● DESCRIPTION OF THE TASK
Take the entries that follow and return exactly the lines from the one holding "This set of" through the one holding "Sofa z odpornymi", both included. Nothing else is needed.

##### THE INPUT #####

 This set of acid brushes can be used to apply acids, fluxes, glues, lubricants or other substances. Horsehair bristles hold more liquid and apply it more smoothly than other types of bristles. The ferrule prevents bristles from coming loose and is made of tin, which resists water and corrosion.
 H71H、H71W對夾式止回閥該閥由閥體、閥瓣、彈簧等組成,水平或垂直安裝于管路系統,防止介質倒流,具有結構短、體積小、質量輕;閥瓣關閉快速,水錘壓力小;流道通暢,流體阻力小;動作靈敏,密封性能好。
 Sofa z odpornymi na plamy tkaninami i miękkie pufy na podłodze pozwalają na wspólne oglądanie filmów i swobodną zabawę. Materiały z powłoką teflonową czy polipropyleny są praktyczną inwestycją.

#####
##### THE INPUT #####

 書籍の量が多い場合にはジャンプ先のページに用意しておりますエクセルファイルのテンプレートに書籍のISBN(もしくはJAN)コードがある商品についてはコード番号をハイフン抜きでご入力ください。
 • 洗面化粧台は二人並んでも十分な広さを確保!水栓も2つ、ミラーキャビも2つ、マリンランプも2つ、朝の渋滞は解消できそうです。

#####

● TASK RESPONSE
 This set of acid brushes can be used to apply acids, fluxes, glues, lubricants or other substances. Horsehair bristles hold more liquid and apply it more smoothly than other types of bristles. The ferrule prevents bristles from coming loose and is made of tin, which resists water and corrosion.
 H71H、H71W對夾式止回閥該閥由閥體、閥瓣、彈簧等組成,水平或垂直安裝于管路系統,防止介質倒流,具有結構短、體積小、質量輕;閥瓣關閉快速,水錘壓力小;流道通暢,流體阻力小;動作靈敏,密封性能好。
 Sofa z odpornymi na plamy tkaninami i miękkie pufy na podłodze pozwalają na wspólne oglądanie filmów i swobodną zabawę. Materiały z powłoką teflonową czy polipropyleny są praktyczną inwestycją.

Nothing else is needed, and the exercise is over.